§ Data excerpts
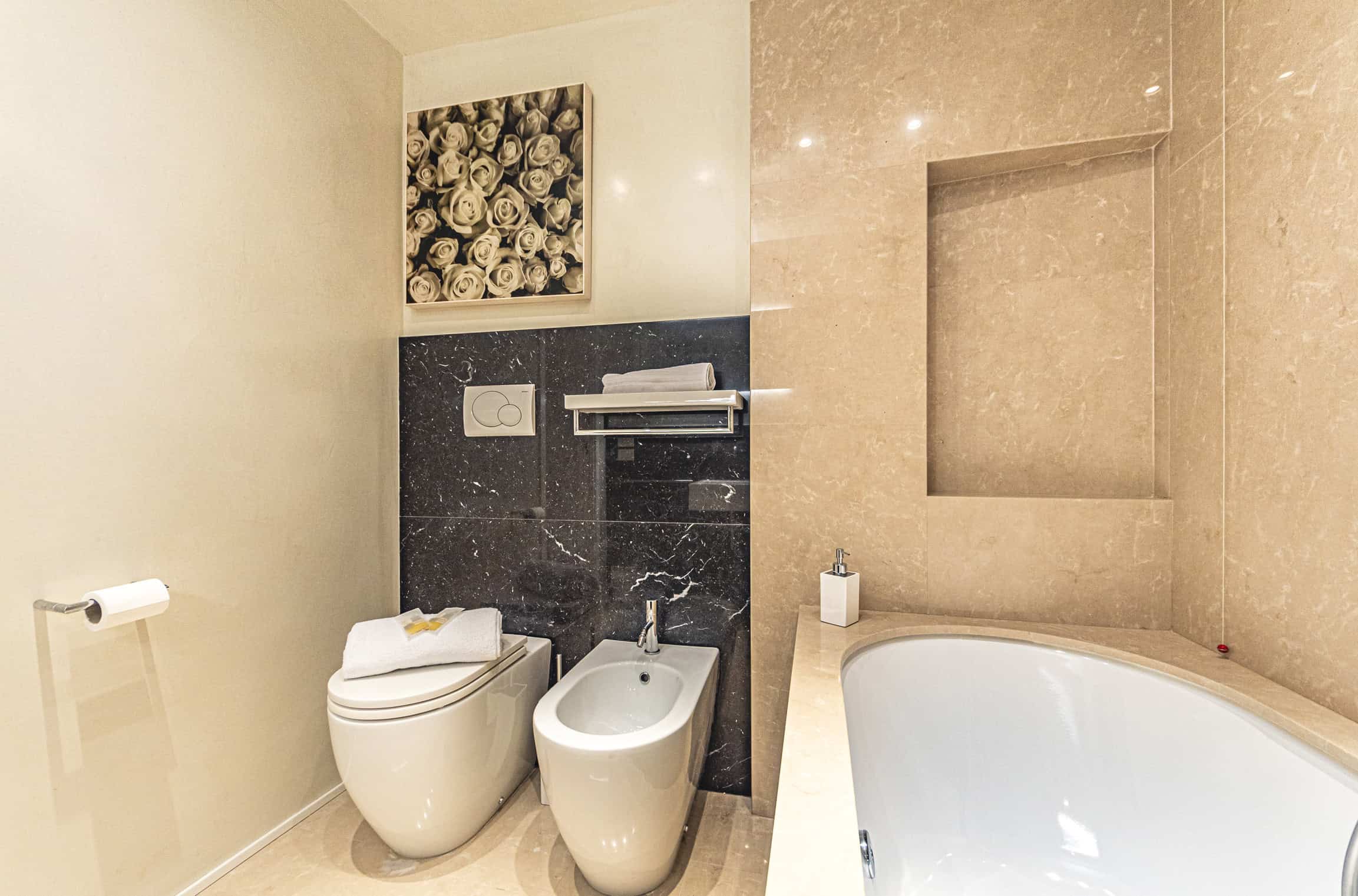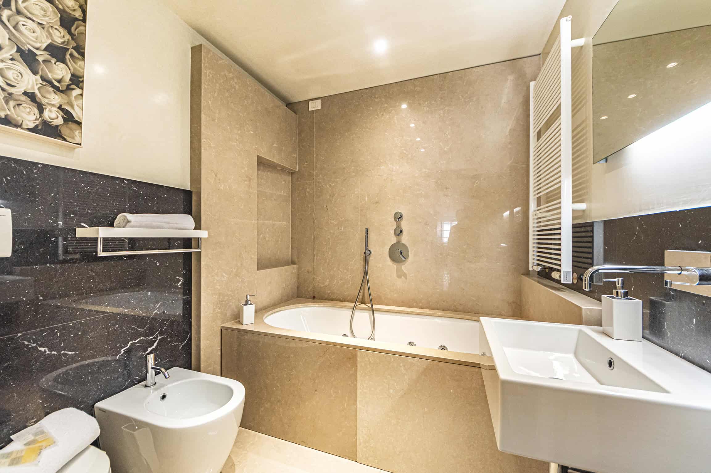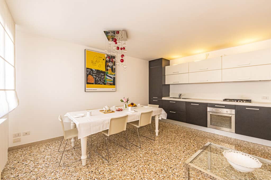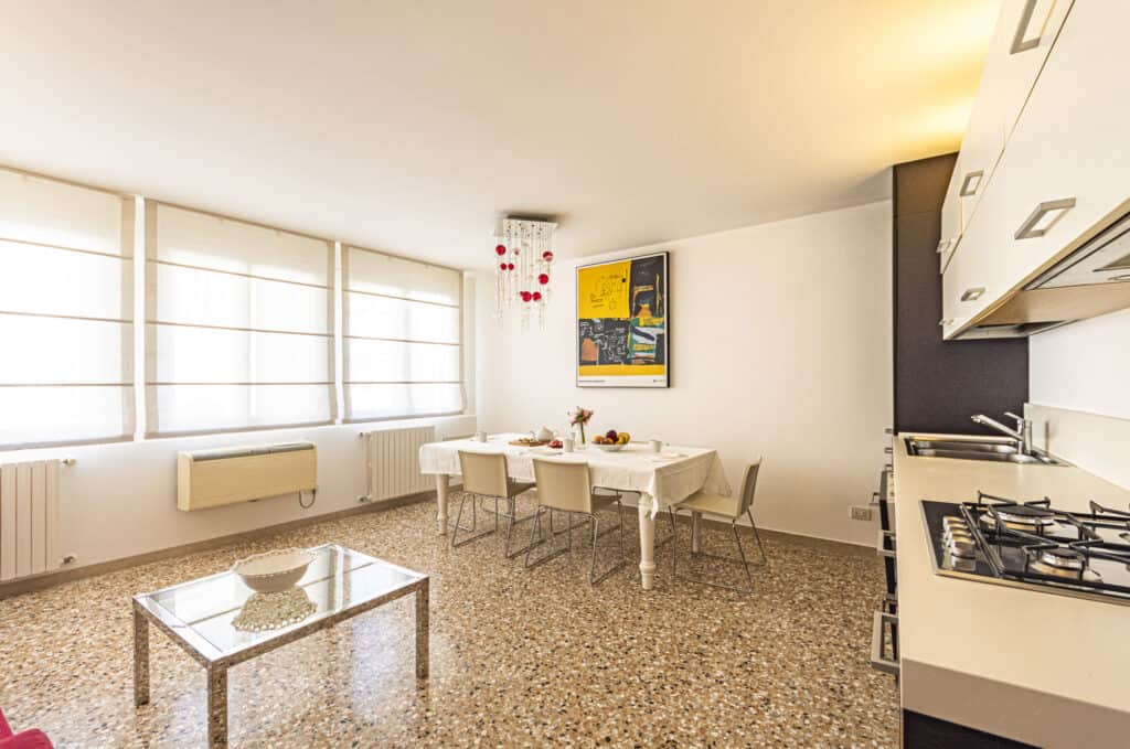 This comfortable and spacious apartment consists of a kitchen equipped with the essentials for cooking, a bright and luxurious living area to relax after a day spent walking around the city, two large and welcoming double bedrooms and two elegant marble bathrooms, one with a shower and one with a bathtub. The accommodation offered is suitable for couples and travelers who want to enjoy a few days in the beautiful Venice.
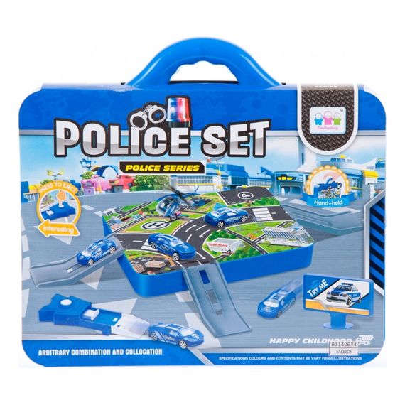 Zawartość: zestawu 1 x parking jednopoziomowy,1 x walizka do przechowywania całości zestawu, 1 x samochód policyjny,1 x plansza-plan parkingu, 3 x tor umożliwiający wjazd/wyjazd z parkingu, 1x sterownik do napędzania samochodów, 1 x bilbord z opisem parkingu.
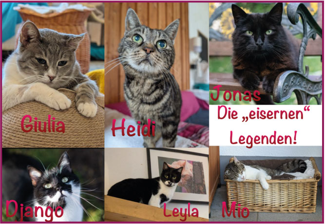 Das waren sie, unsere sechs „Eisernen“, die bei uns schon zum Inventar gehören und nicht mehr wegzudenken sind. Und gerade wenn das Schicksal wieder gnadenlos zuschlägt und eine Mieze schon in jungen Jahren gehen muss, finden wir Trost im Kreis unserer schon seit langer Zeit ans Herz gewachsenen Schützlinge.
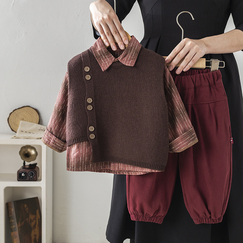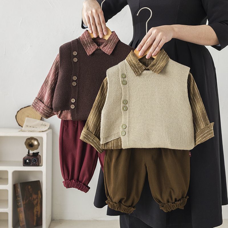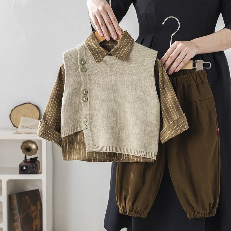 소년 세트 2025 새로운 한국 아기 봄과 가을 긴 소매 옷 어린이 셔츠 스웨터 조끼 3 조각 세트
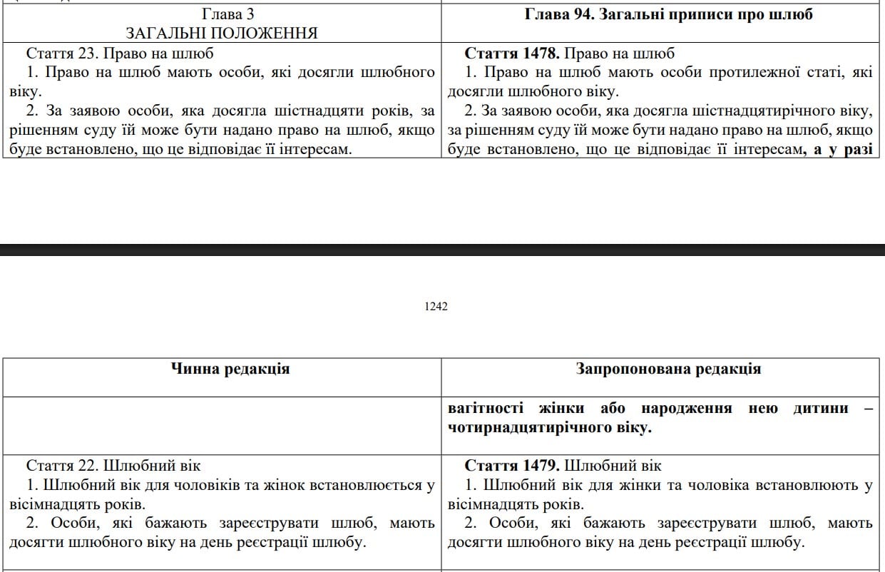 У новому законопроєкті Ради йдеться про те, влада розглядає можливість надання права на шлюб особі 14 років, у разі вагітності або народження нею дитини. Така примітка зазначена, як стаття 1478.
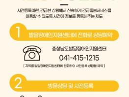 발달장애인 긴급돌봄사업 사전등록과 사전체험을 희망하는 경우 충청남도발달장애인지원센터로 전화 또는 방문(천안시 서북구 동서대로 163)해 상담을 받을 수 있다.
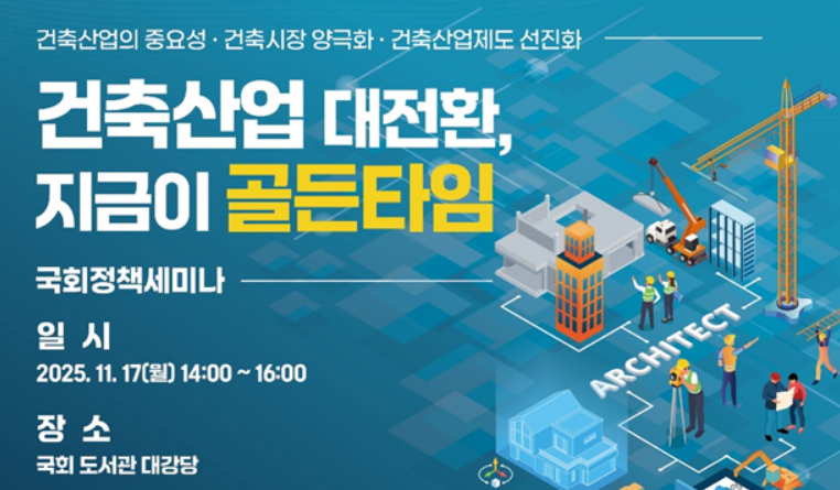 이번 토론회는 대표적인 일자리 창출 산업으로 민생경제 활력 견인 산업인 ‘건축’의 제도적 한계 및 문제점을 분석해 이에 대한 혁신 방안을 찾고자 마련됐다. 국내 건축 5단체(대한건축학회·대한건축사협회·한국건축가협회·새건축사협의회·한국여성건축가협회)와 건축공간연구원을 포함한 학계·산업계 관련 전문가 300여명이 참석할 예정이다.
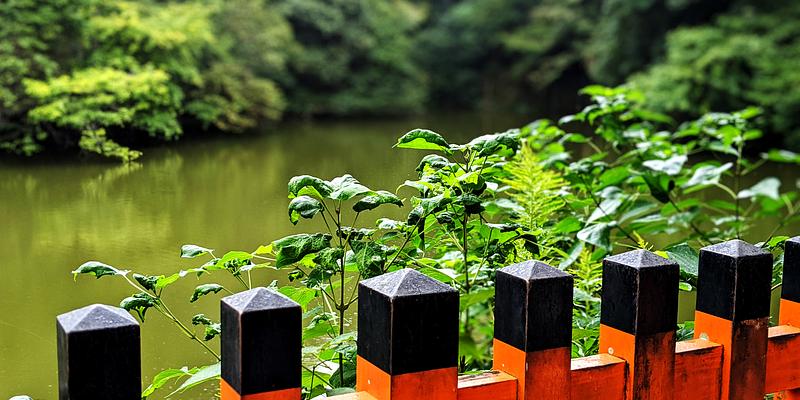 A rustic fence in Japan overlooking the scenic river and lush greenery
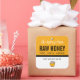 Um design de rótulo de produto de mel limpo para apicultores e apiários que vendem mel cru, em fundo de mel.
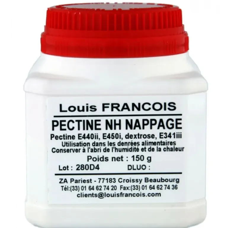 Conditionnée dans un pot refermable de 150 g, la Pectine NH Louis François s’adresse aussi bien aux particuliers qu’aux professionnels. Utilisée principalement pour les nappages avec fruits et les fourrages, elle apporte une finition brillante, une texture ferme et agréable.
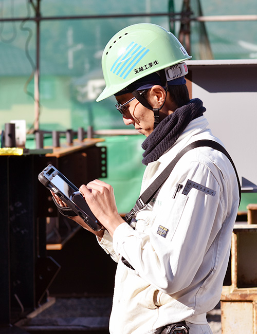 Recruit 採用情報 02 先輩社員 品質管理・出荷担当 2015年入社 製品の品質を支える責任感 趣味:ドライブ 先輩に聞いてみた Interview インタビュー 入社のきっかけは? 高校で就職活動を始めた頃、学校に送られてきていた求人票ではじめて今の会社のことを知りました。高校では普通科に所属していた私ですが、会社のことを調べていくにつれ鉄骨を扱う製造業の仕事に興味が湧き、就職したいと考えました。 仕事のやりがいは? 私の仕事は主に完成した製品が図面通りに仕上がっているかを検査し、製品に問題があれば修正内容を製作者に伝え工場へ持ち込むこと、また問題がなければ塗装や出荷の為の工区分けを施し、いつでも出荷できるよう準備することです。 これらの中で特に大変な仕事は製品検査です。「検査」と一言でいっても伝わらないかもしれませんが、検査は製品の形状が複雑になればなるほど、図面の解釈に時間を要します。また箇所によっては測定結果が図面上での数値とほんの数㎜違うだけで作り直しになることもあり、それを判断できるようになるまでには多くの知識や経験が必要となります。他にも溶接部に欠陥が入ってないか、溶接のサイズが基準値以上であるか等の外観のチェックも検査に含まれます。このように中々一筋縄ではいかない仕事ですが、難しければ難しいほどやり遂げたときの達成感は大きく、見つけることが困難な間違いを発見し、先輩方から褒めていただいたときは自分の仕事に誇りが持てます。 仕事で苦労した場面をどう乗り越えましたか? この会社に勤めて約10年となりますが、その中で何度か難易度の高い工事を経験しました。難易度の高い工事とは製品そのものが複雑な形状をしているだけでなく、製作・材料・品質全ての面で管理が徹底されていなければなりません。もちろん要求される寸法精度も極めて厳しく、膨大な数の検査箇所を正確に測定し、記録していく必要がありました。担当する箇所が多く、とても1人ではできないと悩んでいた時に周囲の皆が自分たちの作業を中断し、助けてくれたことで何とかやり遂げることができました。 今後の目標やキャリアプランは? まずは昨年落ちてしまった検査技術者の試験にリベンジし、合格した後も今以上に会社に貢献できるよう自らの技術を磨き、尽力していきたいと考えています。 Private プライベート 休みの日は気の向くまま遠くまで 今後のスキルアップの為に自主的に資格の勉強をしたり、愛車に乗って遠くまでドライブすることで気持ちをリフレッシュしています。 最後に、これから入社を考えている方へメッセージを! 工事内容によっては仕事量が多く、大変な時もありますが、玉越工業の社員はみんな優しいのでわからないことがあっても、温かく教えてくれます。少しでも興味があれば気軽に連絡してみてください。工場見学もウェルカムです!一緒にここで頑張りましょう、男女問わず歓迎します!! Voice 先輩社員の声 技術と人が育つ場所・・・先輩社員に聞きました! 01 先輩社員 設計部長 2014年入社 02 先輩社員 品質管理・出荷担当 2015年入社 03 先輩社員 梁組立班・班長 2010年入社 04 先輩社員 工場長 2014年入社 お問い合わせ 募集要項 エントリー

§ Description of the task
Exact copy, pictures excluded: repeat the lines from the top of the material through the line with "Conditionnée dans un".

§ Your solution
 This comfortable and spacious apartment consists of a kitchen equipped with the essentials for cooking, a bright and luxurious living area to relax after a day spent walking around the city, two large and welcoming double bedrooms and two elegant marble bathrooms, one with a shower and one with a bathtub. The accommodation offered is suitable for couples and travelers who want to enjoy a few days in the beautiful Venice.
 Zawartość: zestawu 1 x parking jednopoziomowy,1 x walizka do przechowywania całości zestawu, 1 x samochód policyjny,1 x plansza-plan parkingu, 3 x tor umożliwiający wjazd/wyjazd z parkingu, 1x sterownik do napędzania samochodów, 1 x bilbord z opisem parkingu.
 Das waren sie, unsere sechs „Eisernen“, die bei uns schon zum Inventar gehören und nicht mehr wegzudenken sind. Und gerade wenn das Schicksal wieder gnadenlos zuschlägt und eine Mieze schon in jungen Jahren gehen muss, finden wir Trost im Kreis unserer schon seit langer Zeit ans Herz gewachsenen Schützlinge.
 소년 세트 2025 새로운 한국 아기 봄과 가을 긴 소매 옷 어린이 셔츠 스웨터 조끼 3 조각 세트
 У новому законопроєкті Ради йдеться про те, влада розглядає можливість надання права на шлюб особі 14 років, у разі вагітності або народження нею дитини. Така примітка зазначена, як стаття 1478.
 발달장애인 긴급돌봄사업 사전등록과 사전체험을 희망하는 경우 충청남도발달장애인지원센터로 전화 또는 방문(천안시 서북구 동서대로 163)해 상담을 받을 수 있다.
 이번 토론회는 대표적인 일자리 창출 산업으로 민생경제 활력 견인 산업인 ‘건축’의 제도적 한계 및 문제점을 분석해 이에 대한 혁신 방안을 찾고자 마련됐다. 국내 건축 5단체(대한건축학회·대한건축사협회·한국건축가협회·새건축사협의회·한국여성건축가협회)와 건축공간연구원을 포함한 학계·산업계 관련 전문가 300여명이 참석할 예정이다.
 A rustic fence in Japan overlooking the scenic river and lush greenery
 Um design de rótulo de produto de mel limpo para apicultores e apiários que vendem mel cru, em fundo de mel.
 Conditionnée dans un pot refermable de 150 g, la Pectine NH Louis François s’adresse aussi bien aux particuliers qu’aux professionnels. Utilisée principalement pour les nappages avec fruits et les fourrages, elle apporte une finition brillante, une texture ferme et agréable.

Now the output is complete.